**RECORDS FOR PROCESSING**.
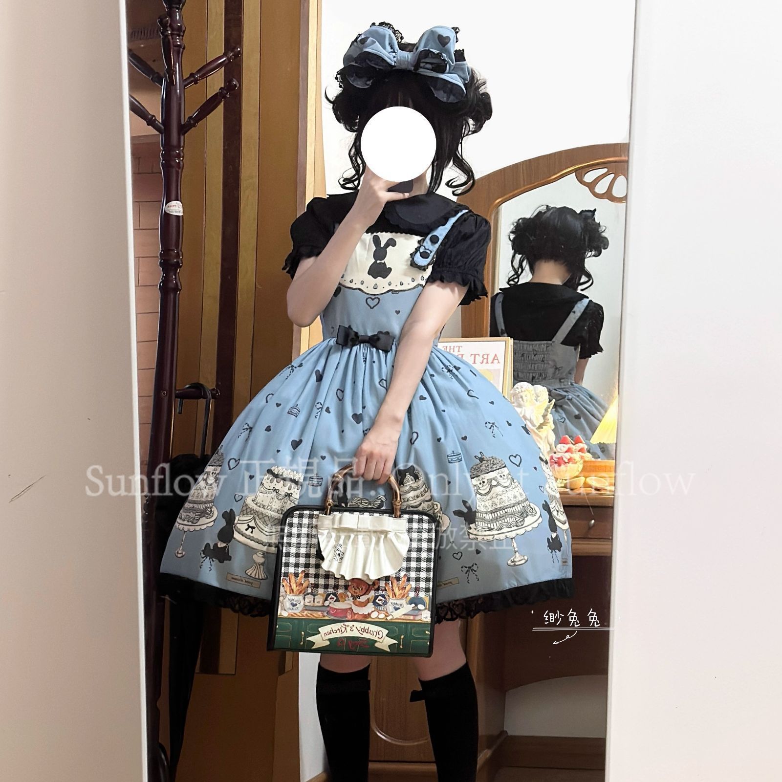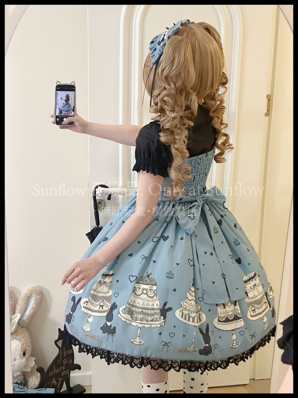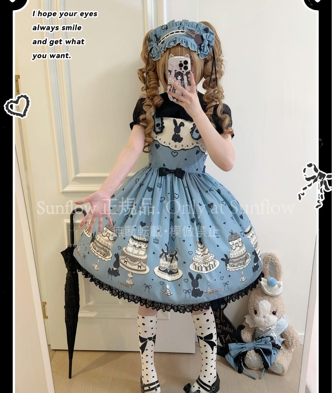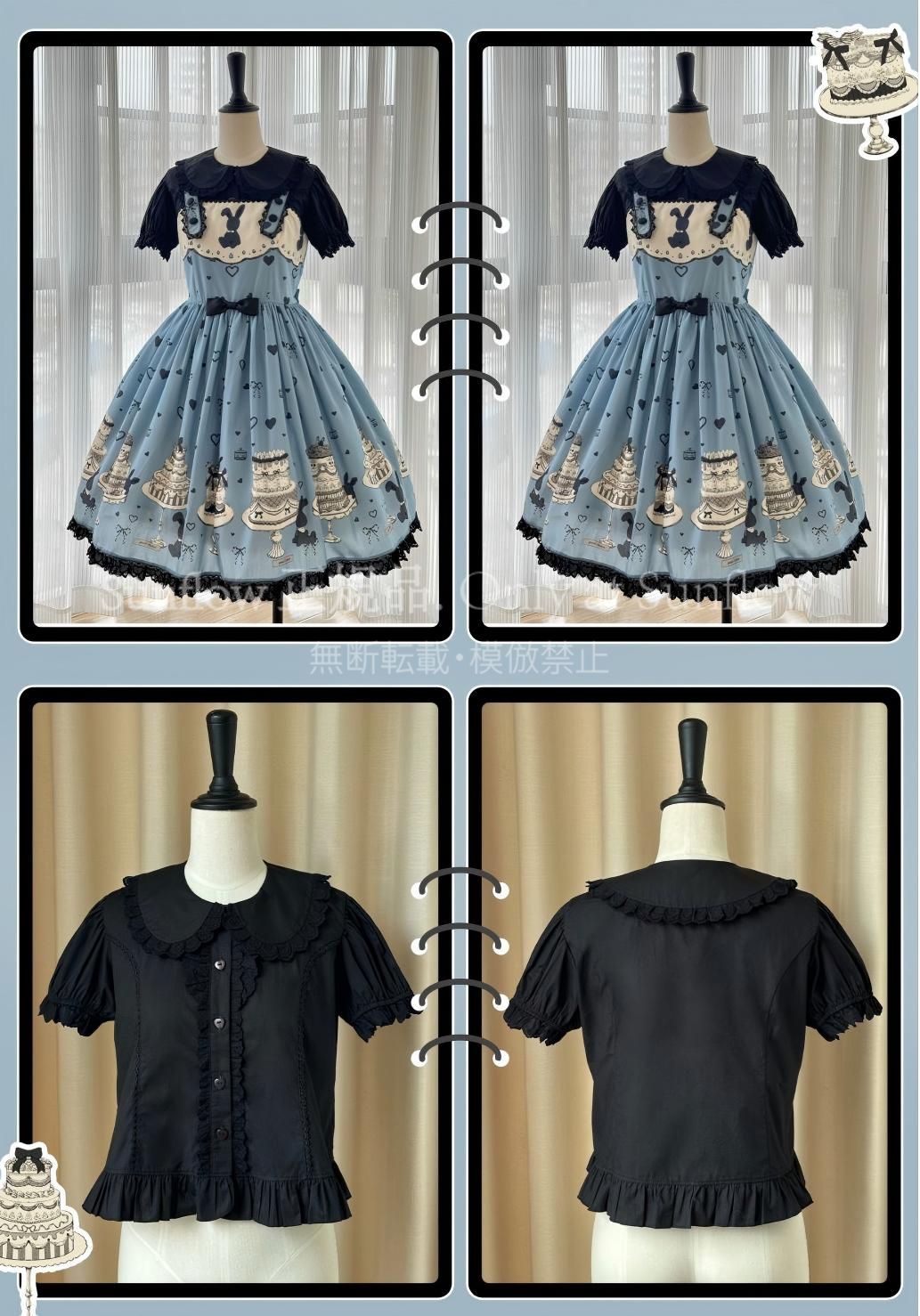 デザイン: 可愛らしいケーキとうさぎのプリントが目を引く甘ロリドレス。
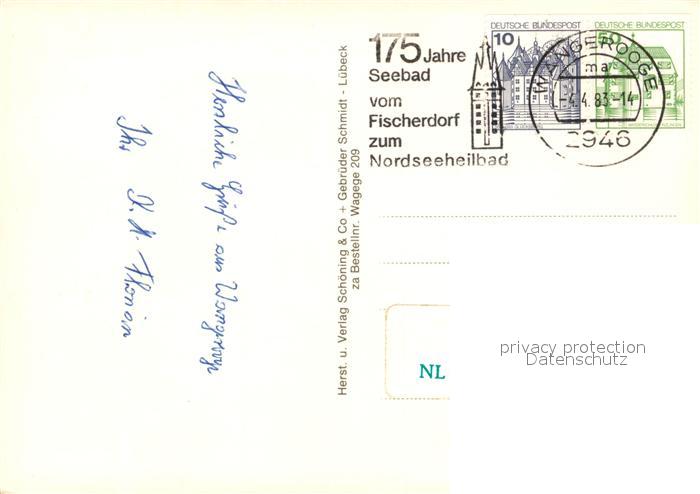 73308247 alte Postkarte Wangerooge Nordseebad Schwimmbad Strand Faehre Leuchtturm Duenen Hallenbad postalisch gelaufen Erhaltung siehe scans [WerneD78] KatCode: 11110003455021
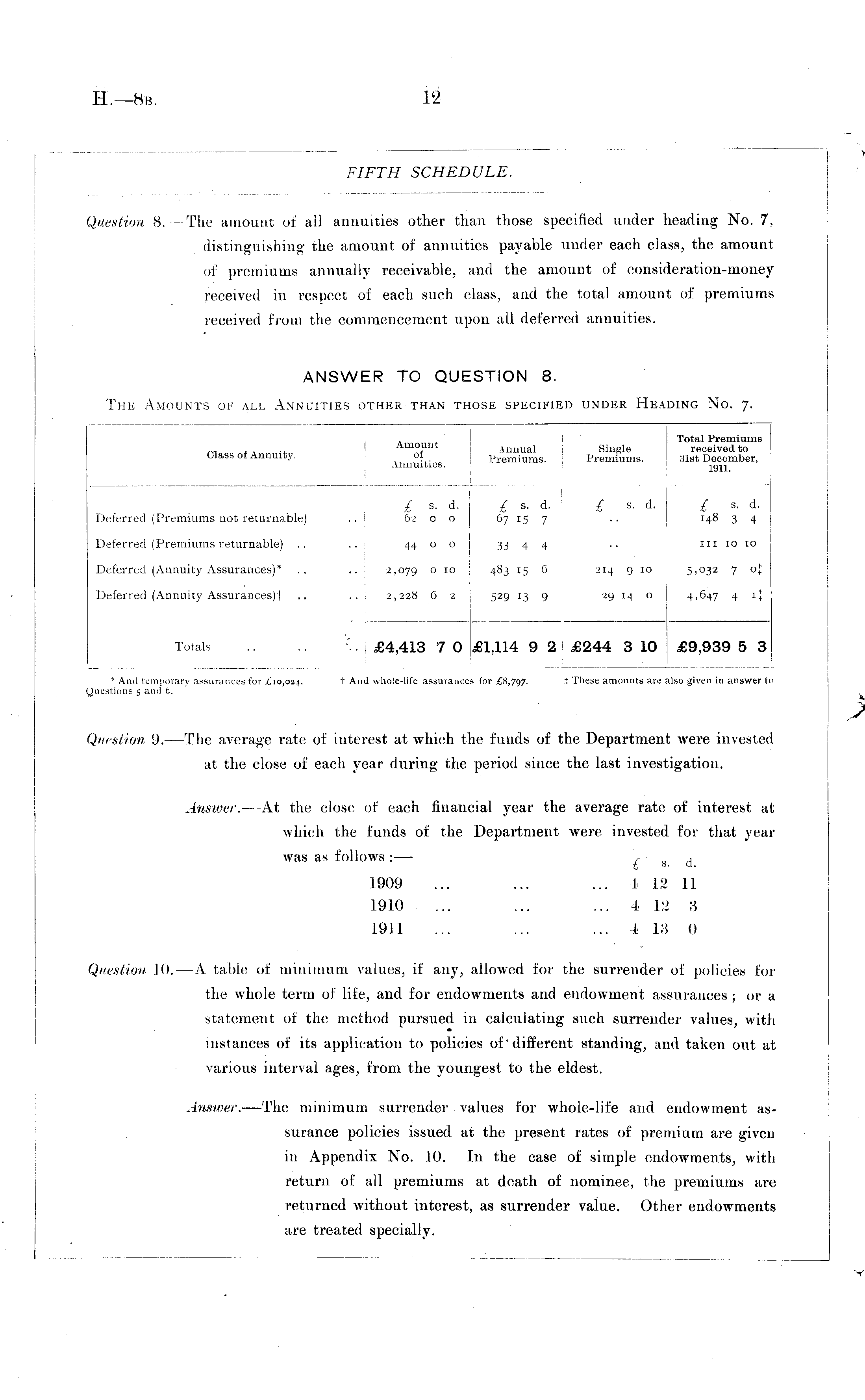 : * And temporary assurances for £10,024. '' And whole-life assurances for £8,797. t These amounts are also given in answer to Questions 5 and 6. Question 'J. —The average rate of interest at which the funds of the Department were invested at the close of each year during the period since the last investigation. Answer. —At the close of each financial year the average rate of interest at which the funds of the Department were invested for that year was as follows : — / s d 1909 ... ... ... 4 12 11 1910 ... ... ... 4 12 8 1911 ... ... ... 4 13 0 Question 10. —A table of minimum values, if any, allowed for the surrender of policies for the whole term of life, and for endowments and endowment assurances ; or a statement of the method pursued in calculating such surrender values, with instances of its application to policies of different standing, and taken out at various interval ages, from the youngest to the eldest. Answer. —The minimum surrender values for whole-life and endowment assurance policies issued at the present rates of premium are given in Appendix No. 10. In the case of simple endowments, with return of all premiums at death of nominee, the premiums are returned without interest, as surrender value. Other endowments arc treated specially.
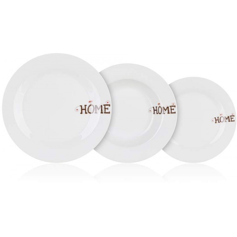 18dílná talířová sada v bílé barvě s dekorem HOME je vyrobena z porcelánu. Sada obsahuje: 6 x dezertní talíř 19 cm, 6 x hluboký talíř 21,5 cm a 6 x mělký talíř 24 cm. Talíře lze používat do mikrovlnné trouby a mýt v myčce na nádobí, ale ne na intenzivní programy, dekor je na glazuře. V nabídce máme další produkty z kolekce HOME.Parametry:
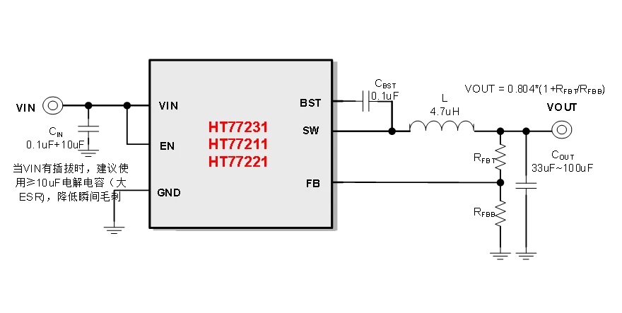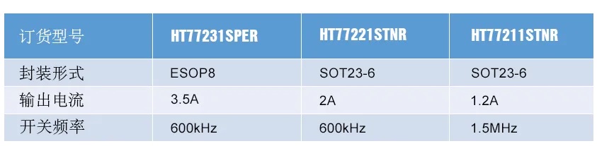 ・3.5A (HT77231) /2A (HT77221) /1.2A (HT77211) 降壓,內(nèi)置100mΩ和60mΩ功率管

**WHAT YOU HAVE TO DO**.
Please restate exactly the lines from the one containing "18dílná talířová sada" down to the end of the material, both ends kept, and do not include the pictures.

**THE COMPLETED TASK**.
 18dílná talířová sada v bílé barvě s dekorem HOME je vyrobena z porcelánu. Sada obsahuje: 6 x dezertní talíř 19 cm, 6 x hluboký talíř 21,5 cm a 6 x mělký talíř 24 cm. Talíře lze používat do mikrovlnné trouby a mýt v myčce na nádobí, ale ne na intenzivní programy, dekor je na glazuře. V nabídce máme další produkty z kolekce HOME.Parametry:
 ・3.5A (HT77231) /2A (HT77221) /1.2A (HT77211) 降壓,內(nèi)置100mΩ和60mΩ功率管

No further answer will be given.